> [What you are asked to do] Print the lines in the listing below starting at the line with "Pegatina Cuadrada Elegante" and ending at the line with "TOYOTA SIENTA FAN", both included. Reproduce them exactly and omit every picture.

> [Data]
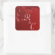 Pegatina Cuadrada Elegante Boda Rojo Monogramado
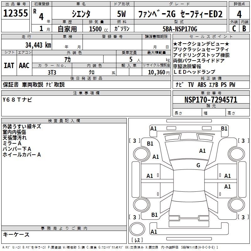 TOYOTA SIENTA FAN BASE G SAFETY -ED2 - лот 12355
---
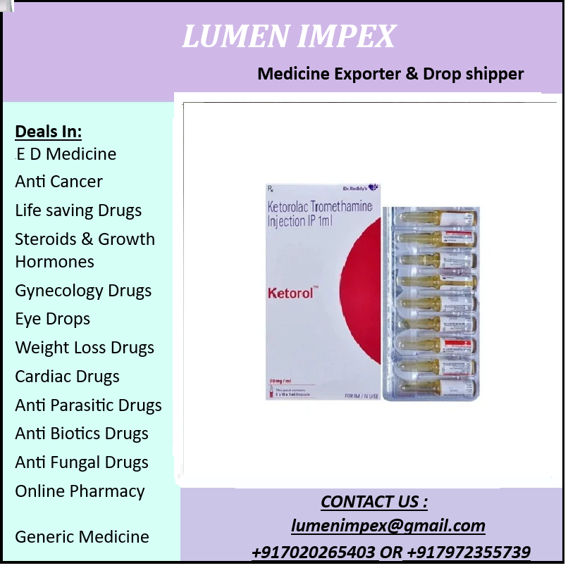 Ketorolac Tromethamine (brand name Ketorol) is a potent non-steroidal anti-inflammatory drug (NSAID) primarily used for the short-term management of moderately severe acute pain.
* * *
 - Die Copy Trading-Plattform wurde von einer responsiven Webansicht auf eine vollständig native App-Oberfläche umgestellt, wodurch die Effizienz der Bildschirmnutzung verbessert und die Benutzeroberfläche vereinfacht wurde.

> [Answer space]
 Pegatina Cuadrada Elegante Boda Rojo Monogramado
 TOYOTA SIENTA FAN BASE G SAFETY -ED2 - лот 12355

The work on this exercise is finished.